In a recent episode of the Super Brain (The Brain) show, a contestant from Google showed a system built when working for Google and displayed relationships among figures during the Three Kingdoms period. This is a typical graph application scenario.

PostgreSQL is perfect for these scenarios due to its various SQL interfaces and excellent performance.

Similar to the preceding scenario, this document from one of the community member explains how to store family relationships and quickly extract N-tier information. This is similar to the article on social user relationships and risk control enterprise relationships that we wrote about before.

Design Table Structure

1. Create a personal information table that describes personal details such as year and month of birth, address, and city. Because not all personal information can be listed, JSON can be used to show information that is not mentioned.
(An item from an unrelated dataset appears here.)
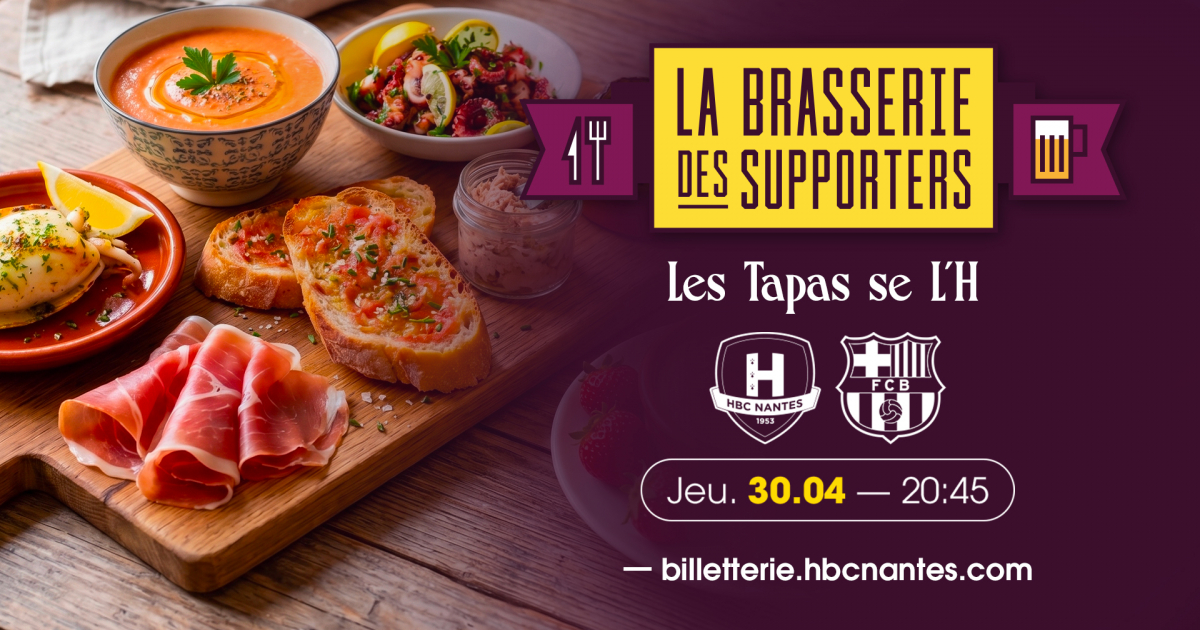 À l'occasion du match face au Barça, jeudi 30 avril à 20h45, les Tapas se l'H à la Brasserie des Suppporters 😉

This is very useful.

create table tbl_p_detail  -- Personal information  
(  
  id int primary key,    -- Family member ID  
  info jsonb,            -- Family member description  
  crt_time timestamp     -- Creation time  
);

2. Create a relationship metadata table that stores relationships such as father, mother, husband, wife, son, daughter, adopted daughter, stepfather, godfather, and goddaughter.
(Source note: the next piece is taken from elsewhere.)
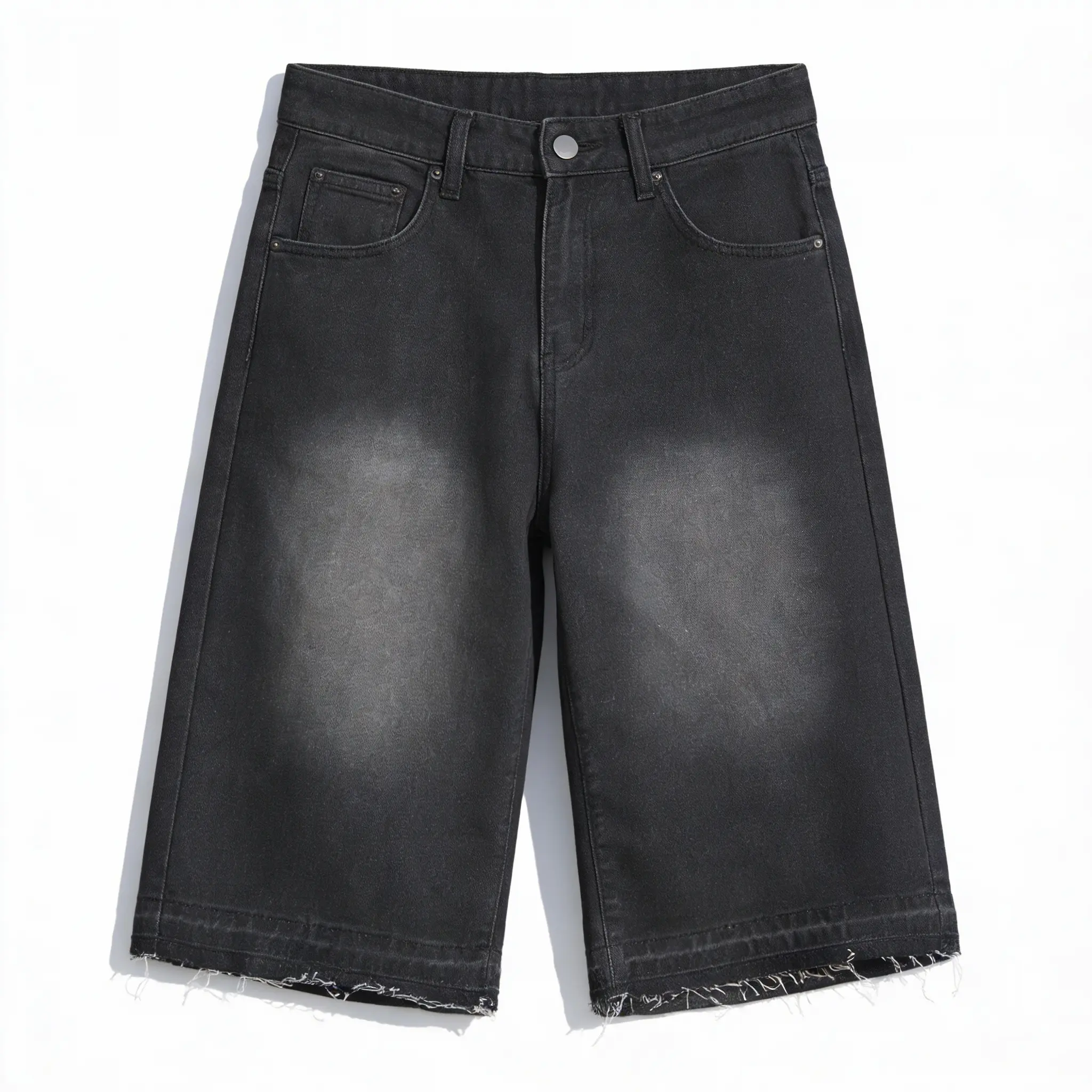 ·Mid waist, zipper closure, raw hem, loose fit, casual denim shorts

create table tbl_er_desc  -- Relationship description  
(  
  id int2 primary key,    -- Relationship ID  
  info text  -- Description  
);

3. Create a relationship table. In this example, we use two-way redundant storage to ensure the query accuracy (or simplify query statements). For example, store information about a father and a son as two entries.
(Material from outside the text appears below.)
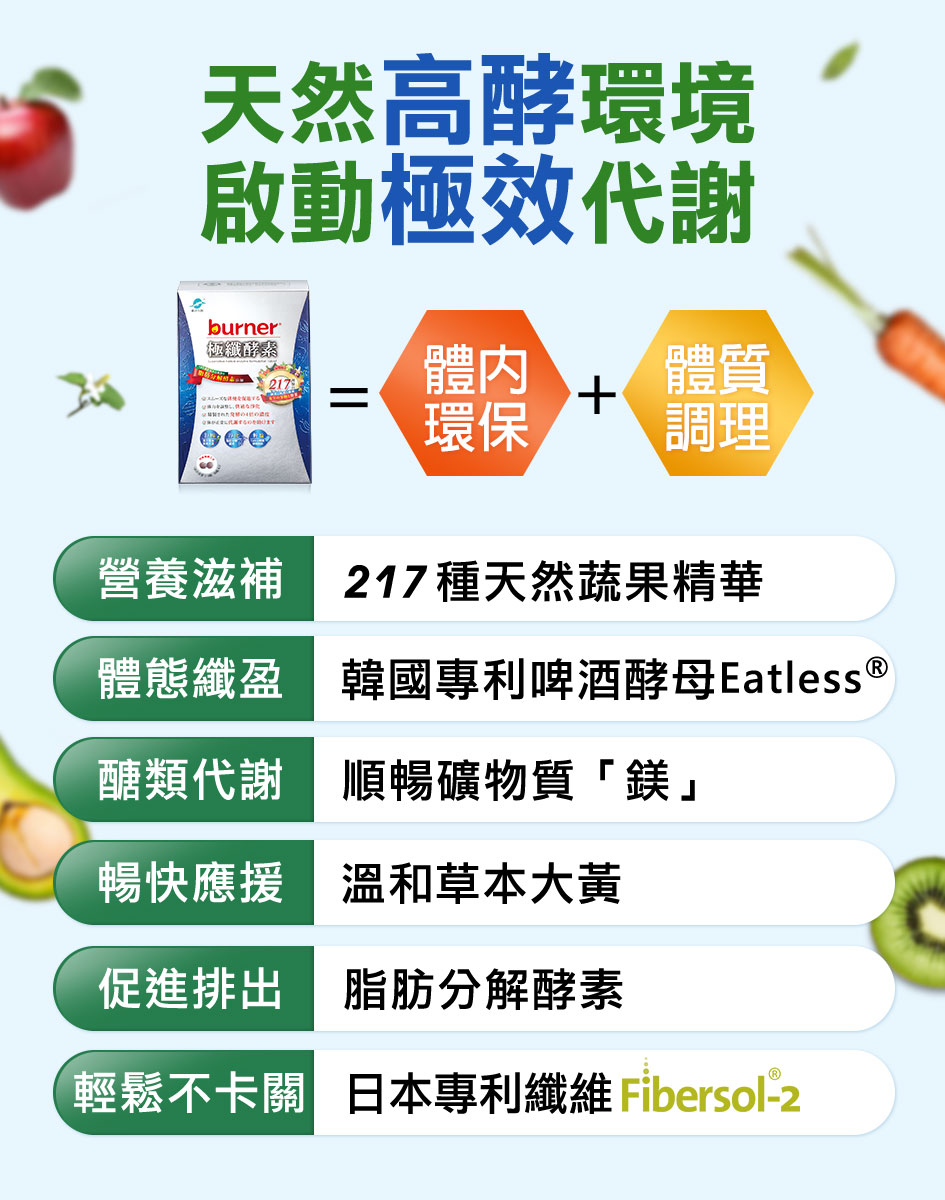 ★舒暢x輕盈x淨化x分解 ★幫助消化、促進腸道蠕動、增加排便、促進新陳代謝 ★217種天然蔬果高倍濃縮精華酵素,小分子好吸收

create table tbl_er     -- What is the family role of ID1 to ID2      
(  
  c1 int references tbl_p_detail(id),    
  c2 int references tbl_p_detail(id),    
  prop int2[],             -- Multiple relationships may exist. Therefore, we use array storage. This is an edge. Of course, we can also use JSON to store edges. For more information, refer to another article that I have written.   
  crt_time timestamp,  
  check (c1<>c2),  
  unique (c1,c2)  
  -- FOREIGN KEY (EACH ELEMENT OF prop) REFERENCES tbl_er_desc(id)  -- Array foreign key, which is supported for PostgreSQL 11. The performance is good  
);

4. Create indexes to implement acceleration

create index idx_tbl_er_c1 on tbl_er(c1);  
create index idx_tbl_er_c2 on tbl_er(c2);

5. Write some data into the tables

insert into tbl_p_detail select generate_series(1,10000);  
insert into tbl_er values (1,2,array[10],now());  -- For example, 1 is the father of 2  
insert into tbl_er values (2,1,array[9],now());   -- For example, 2 is the daughter of 1  
  
insert into tbl_er values (1,3,array[10],now());  -- For example, 1 is the father of 3  
insert into tbl_er values (3,1,array[9],now());   -- For example, 3 is the daughter of 1  
  
insert into tbl_er values (5,2,array[11],now());  -- For example, 5 is the mother of 2  
insert into tbl_er values (2,5,array[9],now());   -- For example, 2 is the daughter of 5  
  
insert into tbl_er values (5,3,array[11],now());  -- For example, 5 is the mother of 3  
insert into tbl_er values (3,5,array[9],now());   -- For example, 3 is the daughter of 5  
  
  
insert into tbl_er values (4,1,array[10],now());  -- For example, 4 is the father of 1  
insert into tbl_er values (1,4,array[8],now());   -- For example, 1 is the son of 4  
  
insert into tbl_er values (6,5,array[10],now());  -- For example, 6 is the father of 5  
insert into tbl_er values (5,6,array[9],now());   -- For example, 5 is the daughter of 6  
  
insert into tbl_er values (7,1,array[11],now());  -- For example, 7 is the mother of 1  
insert into tbl_er values (1,7,array[8],now());   -- For example, 1 is the son of 7  
  
insert into tbl_er values (8,5,array[11],now());  -- For example, 8 is the mother of 5  
insert into tbl_er values (5,8,array[9],now());   -- For example, 5 is the daughter of 8

Define Search Functions

1. Search for a family member's N-tier relationship data and specify the limit on the records per tier. (Generally the volume of family data is not very large. Therefore we can simply limit the tier. It does not even matter if all results for each tier are returned.)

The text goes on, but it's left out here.